Friday Morning Math Problem

First Ace

Suppose you have a standard deck of 52 cards. You shuffle the pack thoroughly, then turn up cards, one at a time, from the top of the deck. On average, how many cards do you turn over before you see an ace?

NOTE: You have to turn over the ace to see it's an ace, so include the ace itself in the count of cards.

HINT 1: It may be easier to think of "average number of cards" as "expected number of cards".

HINT 2: It may be easier to think of the problem in terms of a deck of N cards and M marked cards.

Solution

The 4 (M) aces will divide the pack into 5 (M+1) segments, ranging in size from 0 to 48 (N-M). (To clarify: if two aces are side by side, the segment between them is of size zero. If the first card is an ace, the first segment is of size zero. Etc.)
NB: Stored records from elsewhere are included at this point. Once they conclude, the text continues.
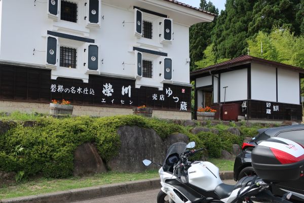 ソースカツ丼は安定のうまさ。注文を受けてから揚げるカツが良い感じだ。 そして、いわな握りは口の中で解ける食感で美味い。 昼食後、ゴールドラインを南下する。 道中に酒蔵を見かけ、通りすぎたが Uターンして覗いてみる。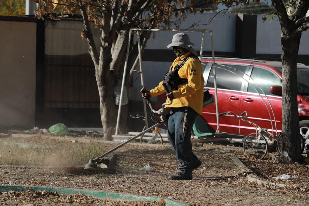 Sumado a esto, brigadas de “Aquí Andamos” realizaron labores de deshierbe, poda y limpieza general de las áreas verdes de las plazas públicas ubicadas en el fraccionamiento El Hacha, al oriente de Saltillo.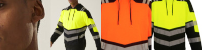 100% brushed back polyester fabric soft touch – 310gsm. Certified EN ISO 20471:2013 +A1:2016 Class 2. Heat-applied reflective tape, with segmented tape on strategic panels for additional comfort. Grown-on hood with adjusters. Kangaroo pocket to front. Ribbed collar and cuffs. ID reflection – angled chevrons identify which way you are facing. Made with recycled content.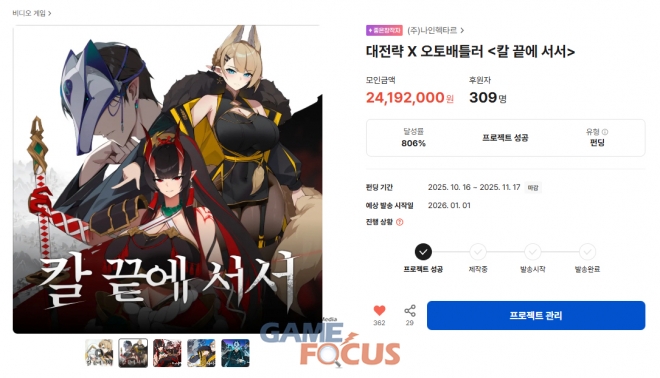 나인헥타르(대표 함기석)는 자사가 개발 중인 신작 ‘칼 끝에 서서’가 지난 10월 16일부터 진행된 텀블벅 펀딩에서 목표 금액의 806%를 초과 달성했다고 20일 밝혔다.

If we can assume that discrete events, like continuous events, are symmetric, then the expected size of the 5 segments is (N-M)/(M+1) = 48/5 = 9.6, meaning we expect the segment of cards in front of the first ace to be of size 9.6. If we include turning over the ace, we expect the number of cards we turn over to be 10.6, which we can interpret to mean "10 cards 40% of the time and 11 cards 60% of the time".

If we round to the nearest whole number, we should expect to turn over 11 cards before the first ace.

An alternative way to interpret this is, if we are placing ONE bet on the number of cards that will be turned over, we should place our bet on (N+1)/(M+1), rounded to the nearest whole number.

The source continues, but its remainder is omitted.